Computer Vision · Sports Analytics
Measuring swimmer velocity from a single poolside video
A desktop tool that turns poolside video into real-world speed data — without unreliable wearables, lengthy setup, or days of manual post-processing.
The problem
Measuring how fast a swimmer moves through the water usually means strapping on cables or other body-mounted sensors. In practice, that workflow breaks down quickly.
- Unreliable in the pool. Cables snag, adhesives fail, and sensors drift or drop out mid-set — especially during turns, underwater phases, and high-intensity training.
- Slow to set up. Fitting hardware, syncing devices, and checking signal quality can take longer than the swim itself, which makes routine use impractical for coaches.
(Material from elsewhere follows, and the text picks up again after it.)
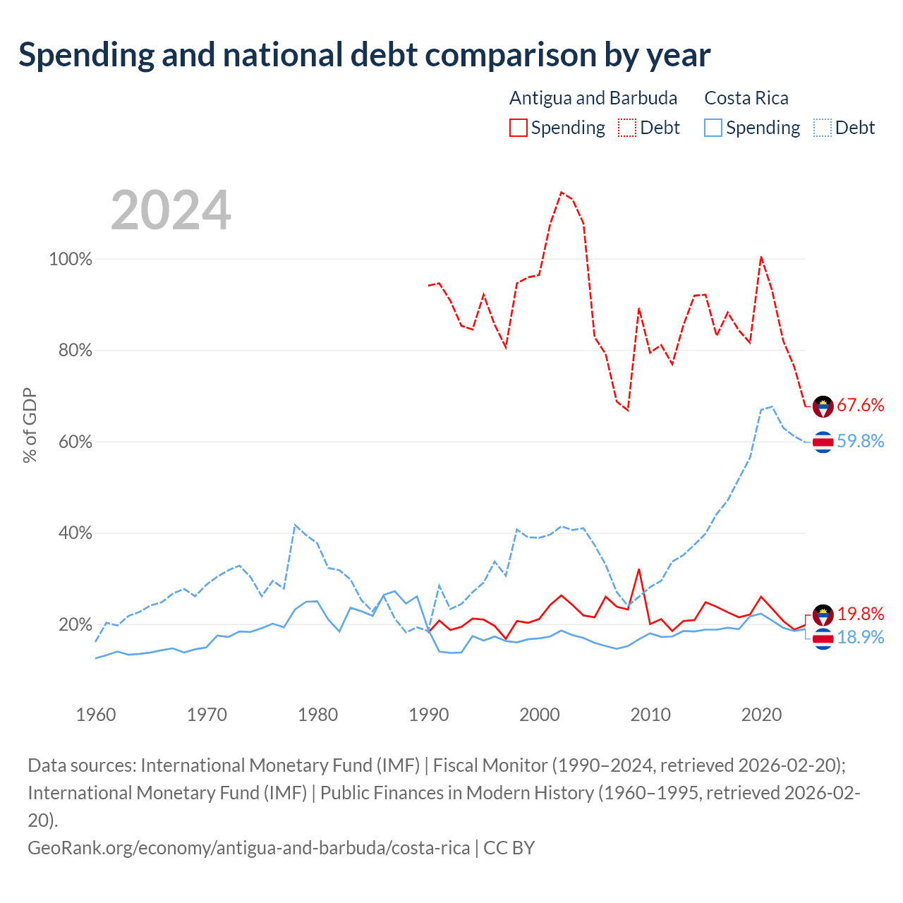 Antigua and Barbuda has $1.49B in government debt (67.6% of GDP), compared to $57B (59.8% of GDP) in Costa Rica.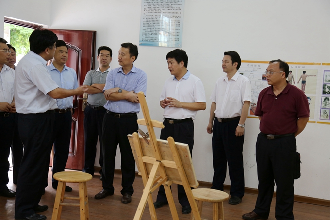 当天下午,李宁波一行参观了学院校园环境、学前实训室、学院农民工培训基地、焊工实训室、电子电力实训室、建筑装饰实训室、冶金实训室、建筑工程实训基地等。考察中,韦伟松书记向李宁波厅长一行详尽汇报了学院的办学情况、办学特色和农民工培训的做法和经验等。

- Slow to analyze. Raw sensor data often needs export, alignment, and manual cleanup before you get a usable velocity curve — turning one session into hours of work.
Video looks like the simpler path, but poolside footage usually comes from a moving camera. Track pixels naively and you measure the camera pan as much as the swimmer — so neither traditional sensors nor raw video alone give a trustworthy answer.
The solution
Hip Light Tracking detects a small light on the swimmer's hip and reference markers along the lane rope. The app includes parallax calibration (lane width + camera distance) and water surface marking to convert pixels → real-world meters correctly.
Parallax calibration
Two marker rows at different depths give separate px→m scales, so perspective distortion is handled properly.
Water surface marking
Two clicks on the water line anchor depth and help relate hip position to the pool geometry.
Camera motion correction
Reference markers move with the camera; subtracting their velocity isolates the swimmer's true speed.
assets/calibration.png
See it in action
From raw pool footage to corrected velocity curves and annotated output video — the full pipeline runs in a single desktop session.
Session outputs
Every session exports a corrected_velocity.csv plus a rendered video with
overlaid metrics — ready for coaching review or further analysis.
corrected_velocity.csv
Frame-by-frame hip position, velocity, and acceleration in real-world units (m/s).
frame,x,y,vx_m,vy_m,ax_m
142,812.4,391.2,1.84,-0.03,0.12
143,818.1,390.8,1.91,-0.02,0.09
144,824.0,390.5,1.88,-0.01,-0.04
Annotated export
Rendered MP4 with detection overlays, marker labels, and live speed graph burned in.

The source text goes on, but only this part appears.